*Directions:* All of the lines below are to be transcribed faithfully, with pictures excluded from the copy.

*Data extract:*
-- Opening Marker --

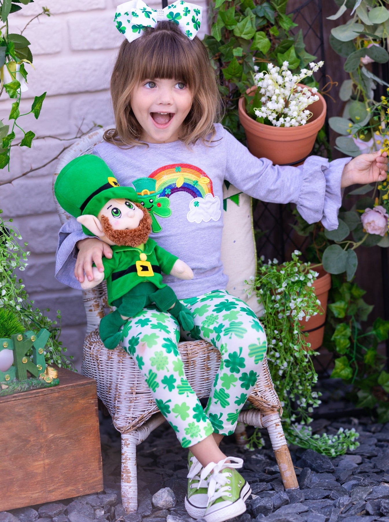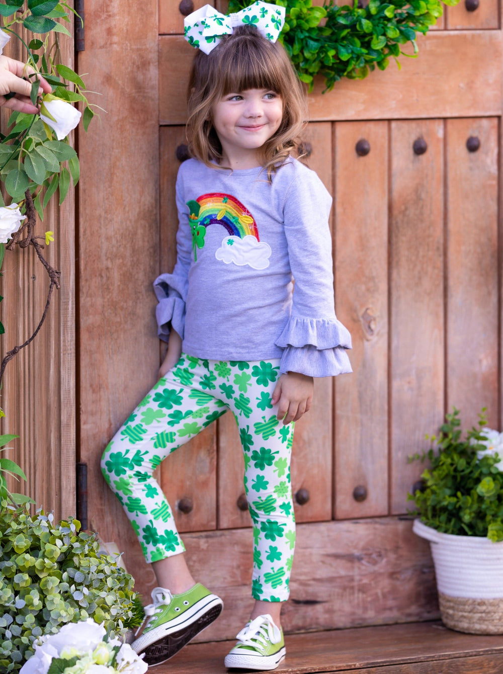 - Clovers, gold, and rainbows! What more could a sweet fashionista ask for in her St. Patrick's Day outfit? Soft to the touch, stretchy for all-day play, and covered in clovers, this ruffle cuff graphic top and all-over print leggings are as cute as can be for your lovely lass to wear to school, parties and parades.
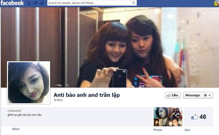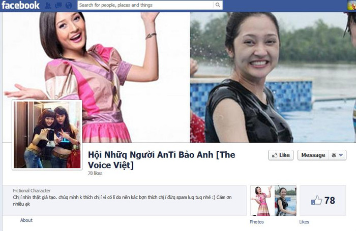 | Có lẽ đây là fanpage được lập ra sớm nhất và thu hút được lượng like nhiều nhất về chuyện anti Bảo Anh. |
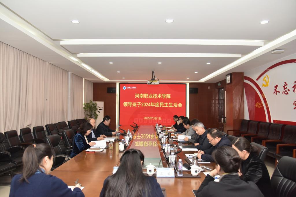 1月21日下午,学校领导班子2024年度民主生活会在行政楼332会议室召开。领导班子全体成员紧紧围绕深入学习贯彻习近平新时代中国特色社会主义思想,巩固深化党纪学习教育成果,综合发挥党的纪律教育约束和保障激励作用这一主题,认真对照检视、查摆分析,开展批评和自我批评,民主生活会开出了高标准高质量,达到了预期效果。河南省教育厅二级巡视员曹克舜出席会议。会议由校党委书记厉励主持。学校领导班子全体成员参加会议,党政办、党委组织部、党委宣传部、纪委办公室等相关部门负责人列席会议。
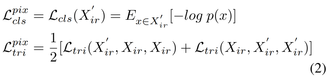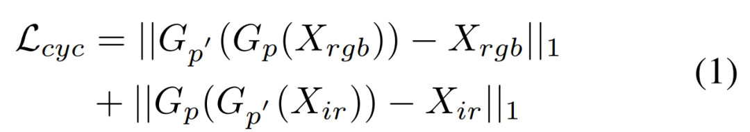 像素对齐模块(Pixel Alignment Module)。参考CycleGAN方法,我们的像素对齐模块包含两套生成器和判别器。这两套生成器分别用于RGB2IR以及IR2RGB。对应的,两套判别器分别用于判别合成的IR图像和合成的RGB图像。请注意,虽然在训练过程中我们用到了两套生成器和判别器,但是在推理过程中,我们只用了RGB2IR的生成器,去进行像素对齐操作。

-- Closing Marker --

*Response area:*
 - Clovers, gold, and rainbows! What more could a sweet fashionista ask for in her St. Patrick's Day outfit? Soft to the touch, stretchy for all-day play, and covered in clovers, this ruffle cuff graphic top and all-over print leggings are as cute as can be for your lovely lass to wear to school, parties and parades.
 | Có lẽ đây là fanpage được lập ra sớm nhất và thu hút được lượng like nhiều nhất về chuyện anti Bảo Anh. |
 1月21日下午,学校领导班子2024年度民主生活会在行政楼332会议室召开。领导班子全体成员紧紧围绕深入学习贯彻习近平新时代中国特色社会主义思想,巩固深化党纪学习教育成果,综合发挥党的纪律教育约束和保障激励作用这一主题,认真对照检视、查摆分析,开展批评和自我批评,民主生活会开出了高标准高质量,达到了预期效果。河南省教育厅二级巡视员曹克舜出席会议。会议由校党委书记厉励主持。学校领导班子全体成员参加会议,党政办、党委组织部、党委宣传部、纪委办公室等相关部门负责人列席会议。
 像素对齐模块(Pixel Alignment Module)。参考CycleGAN方法,我们的像素对齐模块包含两套生成器和判别器。这两套生成器分别用于RGB2IR以及IR2RGB。对应的,两套判别器分别用于判别合成的IR图像和合成的RGB图像。请注意,虽然在训练过程中我们用到了两套生成器和判别器,但是在推理过程中,我们只用了RGB2IR的生成器,去进行像素对齐操作。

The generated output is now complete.